Я стал с благоговением смотреть, как фельдшеры переворачивают тело. По правде, они обращались с ним, как с куском дерева. Я думал рассердиться, но потом вспомнил, как вчера плакал доктор Тарасов, говоря, что у него трясутся руки и он не сможет вскрывать своего отца и благодетеля. Пришлось Виллие все делать самому, а его посадить за протокол. Наверное, хирургам нужна какая-то бесчувственность.
Я смотрел на тело и не слишком узнавал его. То есть, конечно, сходство было разительное. Вряд ли найдется еще человек, столь хорошо сотворенный. Руки, ноги, все части могли бы послужить образцом для ваятеля. Нежность кожи необыкновенная. И вместе с тем меня сбивало с толку, не подберу слова – плоть оплыла, как сугроб или мороженое, оставленное на тарелке. Я снова спросил Виллие, и он ответил, что расслабление мышц дает такой эффект.
Государя облачили в парадный общевойсковой мундир со звездой и орденами. Надели на руки белые перчатки. Положили на железную кровать, накрыв кисеей. В ногах поставили аналой с Евангелием, который по очереди читали священники, сменяясь каждые два часа».
Приложенный к записям протокол вскрытия удивил генерала: «На обеих ногах ниже икр приметны темно-коричневые рубцы, оставшиеся по заживлении ран, которыми государь одержим был прежде… Оболочка мозга во многих местах твердо приросла к черепу… Печень оказалась необычайно крупной». Когда в юности Шурку пугали сифилисом, то его почему-то потрясли не рассказы о провалившемся носе, а сообщение, будто мозги накрепко слипаются с костью и перестают варить. Неужели Ангел переболел страшной заразой? Вдруг совершенно в ином свете представилось нежелание государя жить с женой. Да он просто боялся за нее. А все искали тайных причин охлаждения.

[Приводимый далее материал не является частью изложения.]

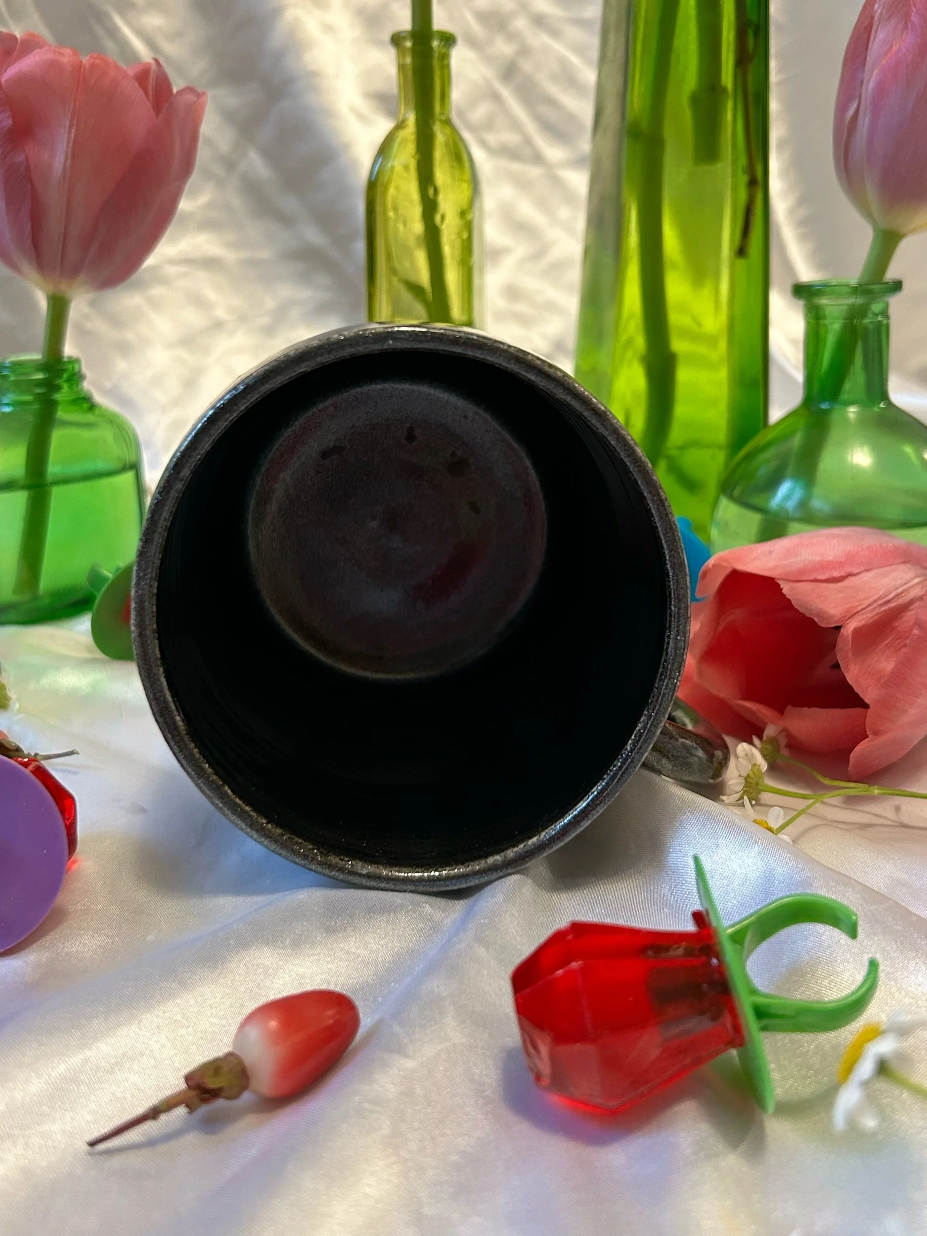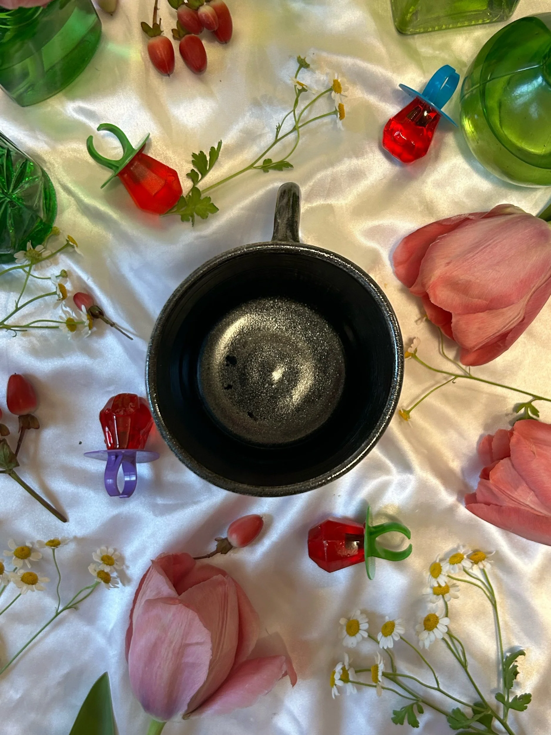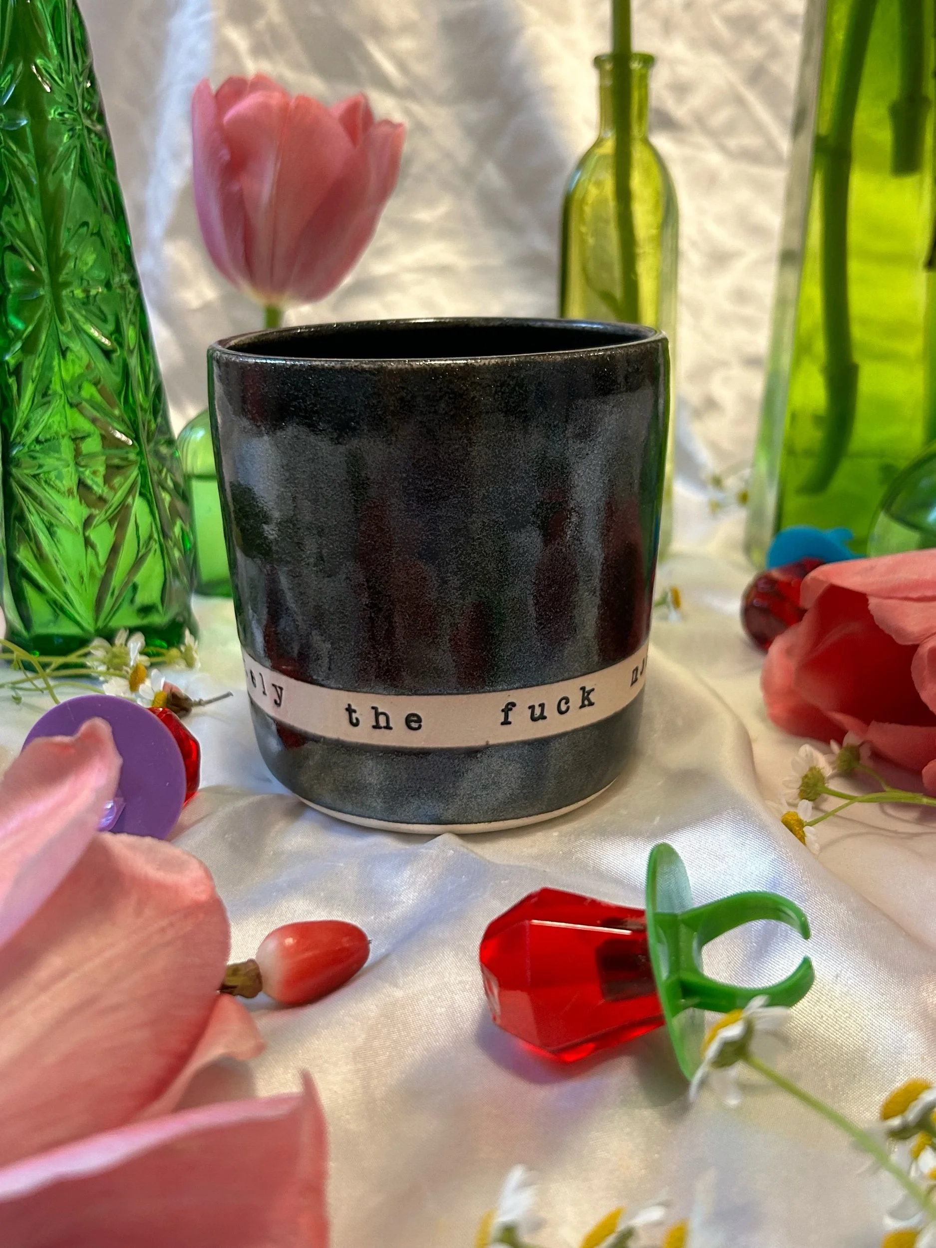 Medium mug with handle, decorated with black stamped lettering that reads “absolutely the fuck not” Glazed in sparkly, iridescent black. Holds about 16oz
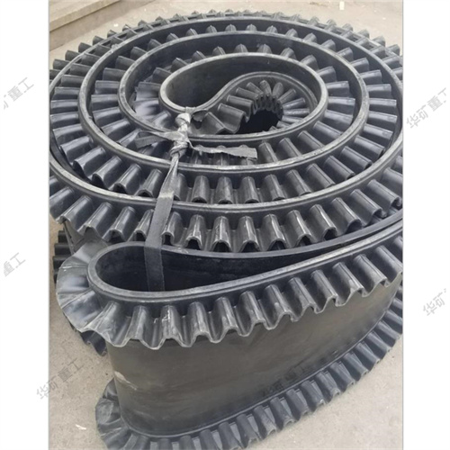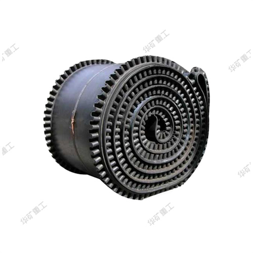 大傾角輸送帶由基帶、擋邊、橫隔板3部分組成。擋邊起防止物料測滑撒落的作用。為便于繞過滾筒,檔邊設(shè)計(jì)成波紋狀;橫隔板的作用是承托物料,為了實(shí)現(xiàn)大傾角輸送,采用T型TC型。檔邊和橫隔板是用二次硫化的方法與基帶連接的,具有很高的連接強(qiáng)度

В тетрадке лежал еще один лист. Плотный, согнутый посередине, со слегка обтрепанными краями. Бенкендорф не сразу понял, что это, но вчитался и позеленел. Протокол опроса садовника Федора, который дал крестное целование не разглашать сути разговора и сообщил князю Волконскому следующее:
«К внучке я ходил на именины. Ночь-то была с 18-го на 19-е жуть. Ветер, холод до костей. С моря волна шла на берег злая. Я тверезый был, ей-богу, потому болезнь у меня в кишках, с детства винца нельзя испить. Тут думаю, как бы мимо дома в такой темнотище не проскочить. Пособи, Заступница! Вдруг понизу ветер утих, остался только в верхушках деревьев. Малость развиднелось. Ну, думаю, слава тебе Господи, дошел, вот моя хибара. Глядь, сад-то все светлеет и светлеет. А, вроде рано еще. Задрал я голову. Святые угодники! Прямо на нас плывет шар, как бы весь вылепленный из света, синеватый. И такая жуть меня взяла, такая вдруг тоска, точно ничего хорошего не осталось. Вот завыл бы и удавился. Чур меня!
Я упал на землю, не могу двинуть ни рукой ни ногой. Слава Богу, малый куст закрывает. Вдруг отворяются двери из дворца. Ну, так мы дом прозвали, где государь-то помирать изволил. И выходят их императорские величества, одетые, как на прогулку. Батюшка-царь наш, Александр Павлович, поцеловал жену эдак слабо, в лоб, потом резко отпрянул от нее, спустился с крыльца и зашагал по дорожке к шару. А тот, злодей, уже на землю осел и выпустил из себя три тонких уса. Царица, сердешная, закрыла лицо руками, как бы плачет.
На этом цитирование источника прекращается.